■ **WHAT YOU WILL DO**
Beginning with the line that has "Die hier vorliegenden" and ending with the line that has "Haciendo lo mismo", retype the entries below exactly, except for the pictures.

■ **MATERIAL PROVIDED**
┏━━
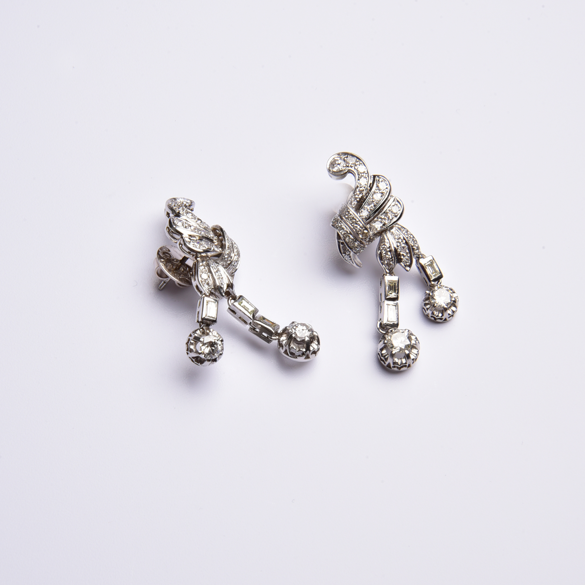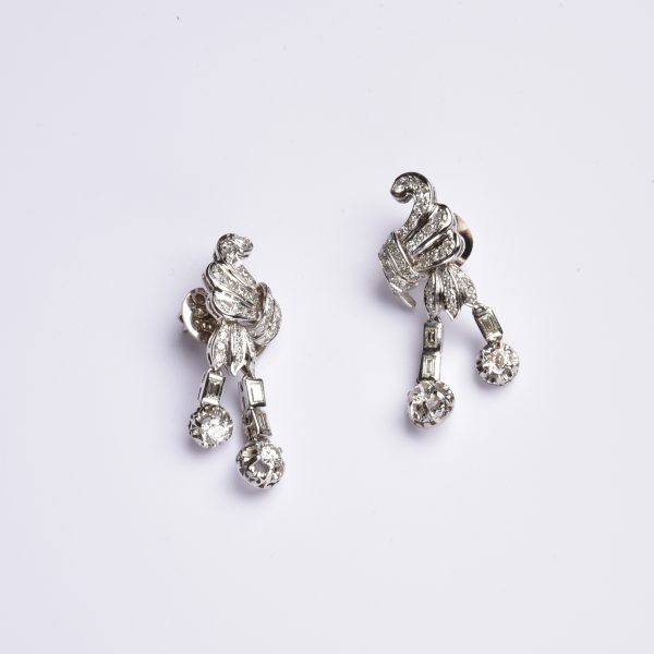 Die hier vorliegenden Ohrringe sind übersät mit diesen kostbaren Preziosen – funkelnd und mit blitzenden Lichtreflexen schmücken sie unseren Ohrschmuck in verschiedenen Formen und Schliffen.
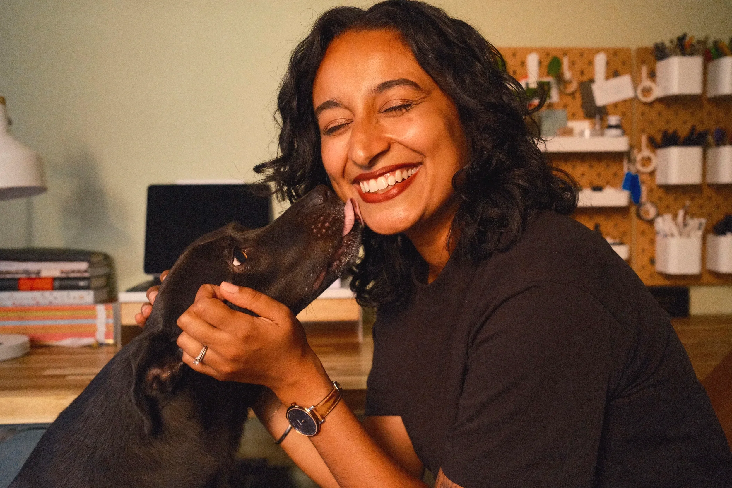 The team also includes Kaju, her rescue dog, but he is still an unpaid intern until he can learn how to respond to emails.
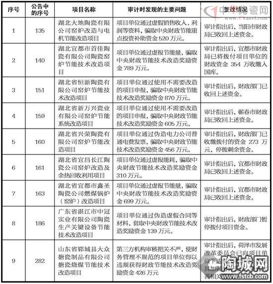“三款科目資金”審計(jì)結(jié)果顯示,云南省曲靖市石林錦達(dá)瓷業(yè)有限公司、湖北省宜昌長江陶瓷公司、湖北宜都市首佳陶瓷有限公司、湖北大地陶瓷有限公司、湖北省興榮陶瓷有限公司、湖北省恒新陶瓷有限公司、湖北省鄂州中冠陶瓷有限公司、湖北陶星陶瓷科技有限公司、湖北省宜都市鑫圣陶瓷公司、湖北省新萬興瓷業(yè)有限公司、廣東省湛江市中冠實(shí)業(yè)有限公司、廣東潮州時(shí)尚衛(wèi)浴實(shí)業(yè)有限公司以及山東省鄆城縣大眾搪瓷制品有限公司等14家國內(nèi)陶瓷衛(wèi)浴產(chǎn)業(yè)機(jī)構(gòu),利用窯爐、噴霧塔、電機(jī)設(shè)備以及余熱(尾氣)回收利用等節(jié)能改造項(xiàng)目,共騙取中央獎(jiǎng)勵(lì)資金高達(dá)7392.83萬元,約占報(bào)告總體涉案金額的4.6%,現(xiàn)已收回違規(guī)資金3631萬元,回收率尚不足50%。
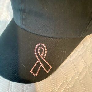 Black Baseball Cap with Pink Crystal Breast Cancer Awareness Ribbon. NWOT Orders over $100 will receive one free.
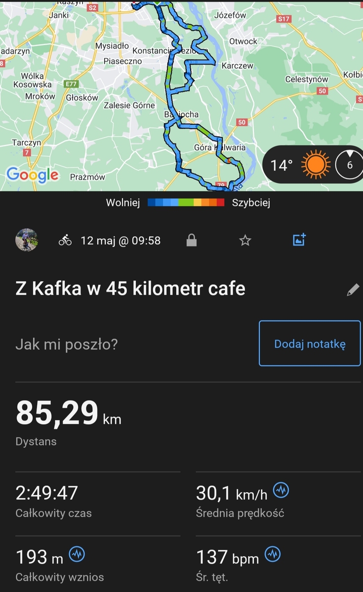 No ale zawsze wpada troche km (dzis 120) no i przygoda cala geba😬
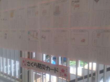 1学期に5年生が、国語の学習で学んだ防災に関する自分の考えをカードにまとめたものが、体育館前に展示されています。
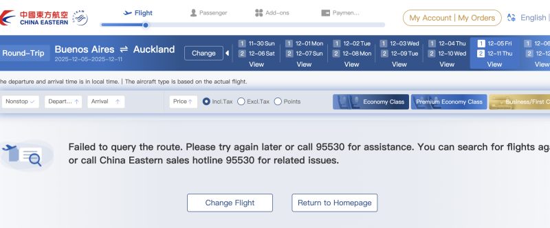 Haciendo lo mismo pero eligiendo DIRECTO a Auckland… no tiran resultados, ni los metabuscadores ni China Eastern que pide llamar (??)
┗━━
┏━━
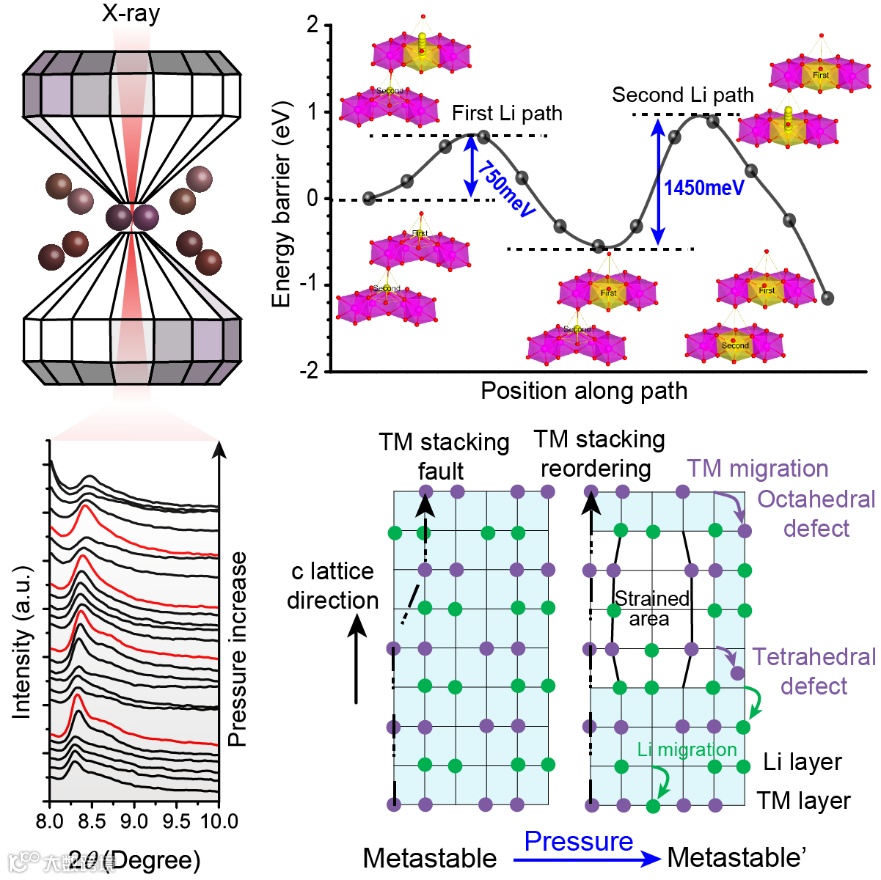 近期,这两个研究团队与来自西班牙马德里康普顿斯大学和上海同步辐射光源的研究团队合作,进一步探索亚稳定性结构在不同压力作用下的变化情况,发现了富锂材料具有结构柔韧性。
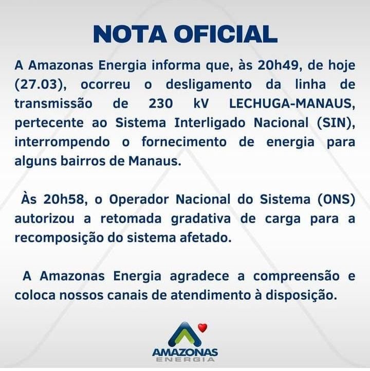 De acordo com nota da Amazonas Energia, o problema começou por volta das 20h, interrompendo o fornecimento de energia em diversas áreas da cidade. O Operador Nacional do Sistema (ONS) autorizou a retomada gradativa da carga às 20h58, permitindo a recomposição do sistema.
┗━━
┏━━
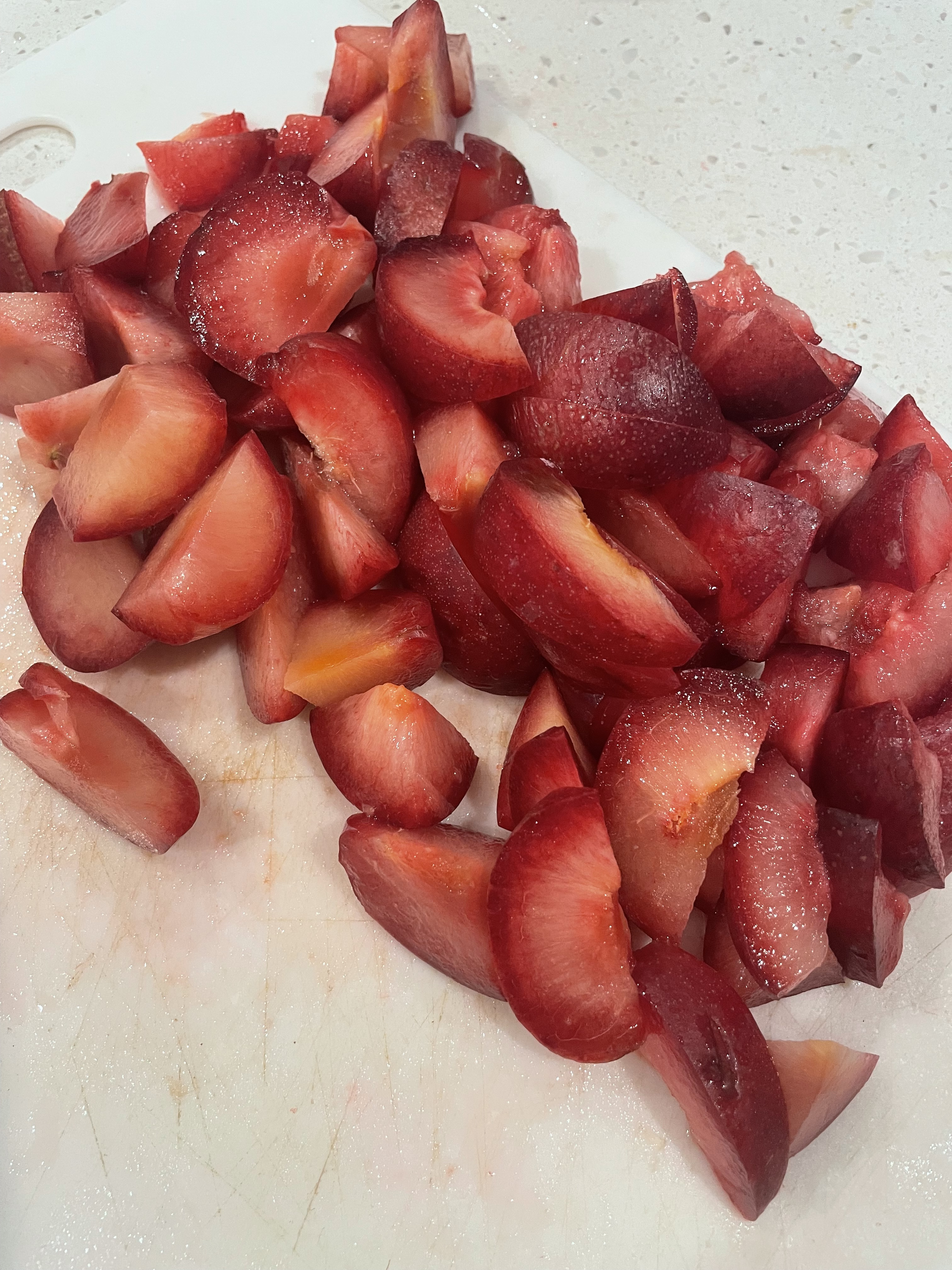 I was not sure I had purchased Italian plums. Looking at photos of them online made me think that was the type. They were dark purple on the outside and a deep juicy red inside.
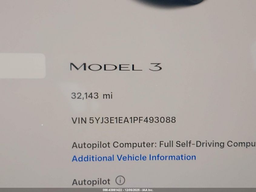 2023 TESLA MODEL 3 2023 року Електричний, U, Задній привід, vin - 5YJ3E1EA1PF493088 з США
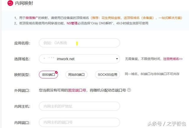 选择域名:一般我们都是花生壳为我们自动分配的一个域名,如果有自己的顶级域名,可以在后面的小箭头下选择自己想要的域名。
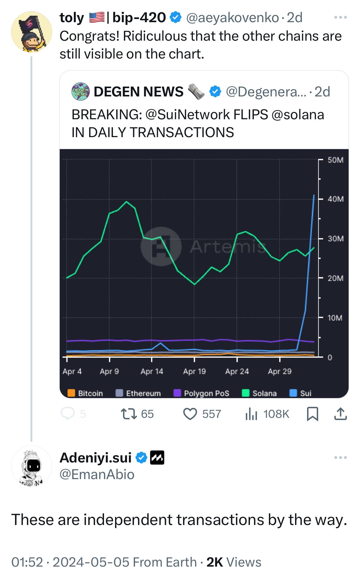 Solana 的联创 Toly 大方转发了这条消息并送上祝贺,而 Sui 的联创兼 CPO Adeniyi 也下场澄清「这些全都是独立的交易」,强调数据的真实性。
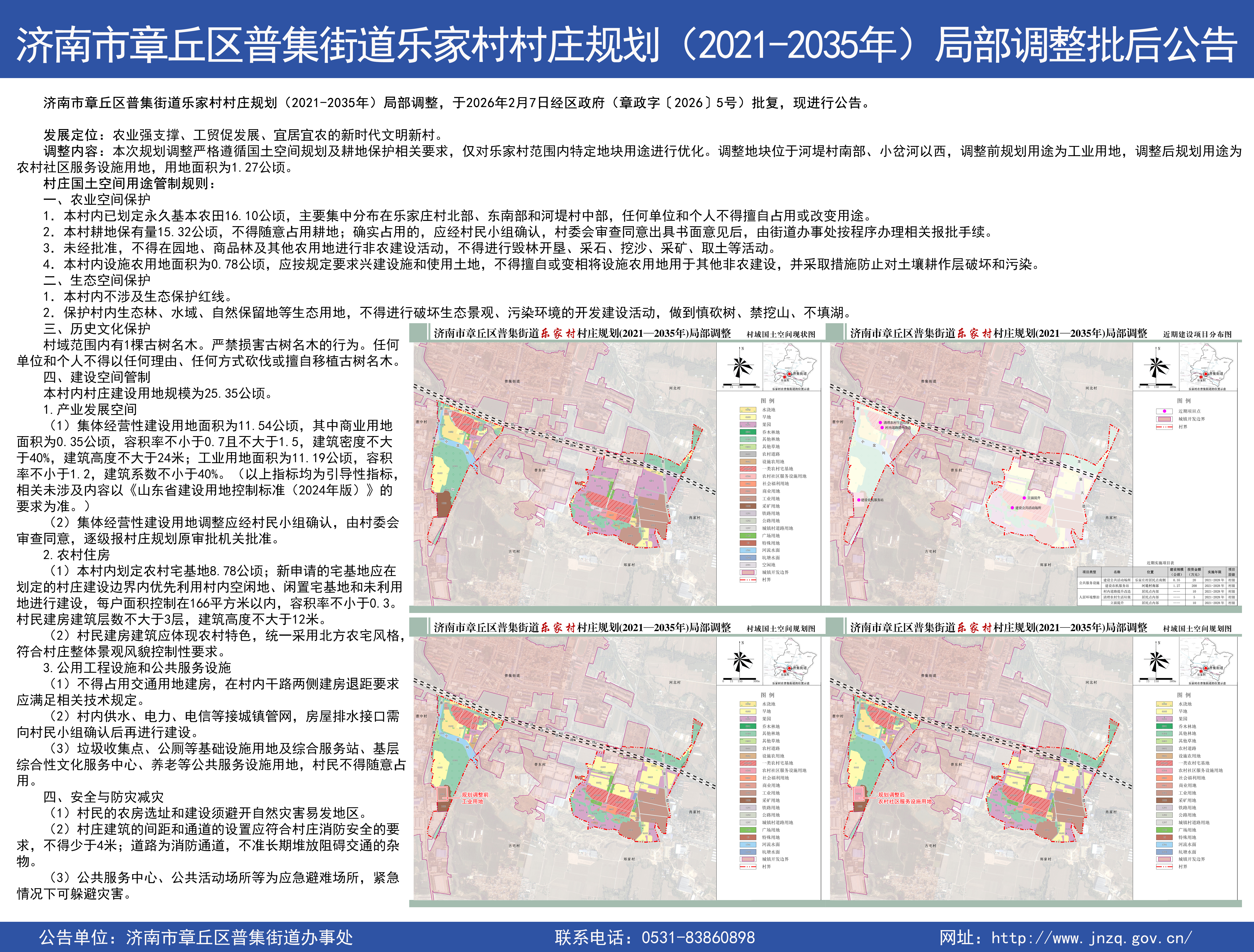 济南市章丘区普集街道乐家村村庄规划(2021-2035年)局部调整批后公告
┗━━
■ **TASK RESULT**
 Die hier vorliegenden Ohrringe sind übersät mit diesen kostbaren Preziosen – funkelnd und mit blitzenden Lichtreflexen schmücken sie unseren Ohrschmuck in verschiedenen Formen und Schliffen.
 The team also includes Kaju, her rescue dog, but he is still an unpaid intern until he can learn how to respond to emails.
“三款科目資金”審計(jì)結(jié)果顯示,云南省曲靖市石林錦達(dá)瓷業(yè)有限公司、湖北省宜昌長江陶瓷公司、湖北宜都市首佳陶瓷有限公司、湖北大地陶瓷有限公司、湖北省興榮陶瓷有限公司、湖北省恒新陶瓷有限公司、湖北省鄂州中冠陶瓷有限公司、湖北陶星陶瓷科技有限公司、湖北省宜都市鑫圣陶瓷公司、湖北省新萬興瓷業(yè)有限公司、廣東省湛江市中冠實(shí)業(yè)有限公司、廣東潮州時(shí)尚衛(wèi)浴實(shí)業(yè)有限公司以及山東省鄆城縣大眾搪瓷制品有限公司等14家國內(nèi)陶瓷衛(wèi)浴產(chǎn)業(yè)機(jī)構(gòu),利用窯爐、噴霧塔、電機(jī)設(shè)備以及余熱(尾氣)回收利用等節(jié)能改造項(xiàng)目,共騙取中央獎(jiǎng)勵(lì)資金高達(dá)7392.83萬元,約占報(bào)告總體涉案金額的4.6%,現(xiàn)已收回違規(guī)資金3631萬元,回收率尚不足50%。
 Black Baseball Cap with Pink Crystal Breast Cancer Awareness Ribbon. NWOT Orders over $100 will receive one free.
 No ale zawsze wpada troche km (dzis 120) no i przygoda cala geba😬
 1学期に5年生が、国語の学習で学んだ防災に関する自分の考えをカードにまとめたものが、体育館前に展示されています。
 Haciendo lo mismo pero eligiendo DIRECTO a Auckland… no tiran resultados, ni los metabuscadores ni China Eastern que pide llamar (??)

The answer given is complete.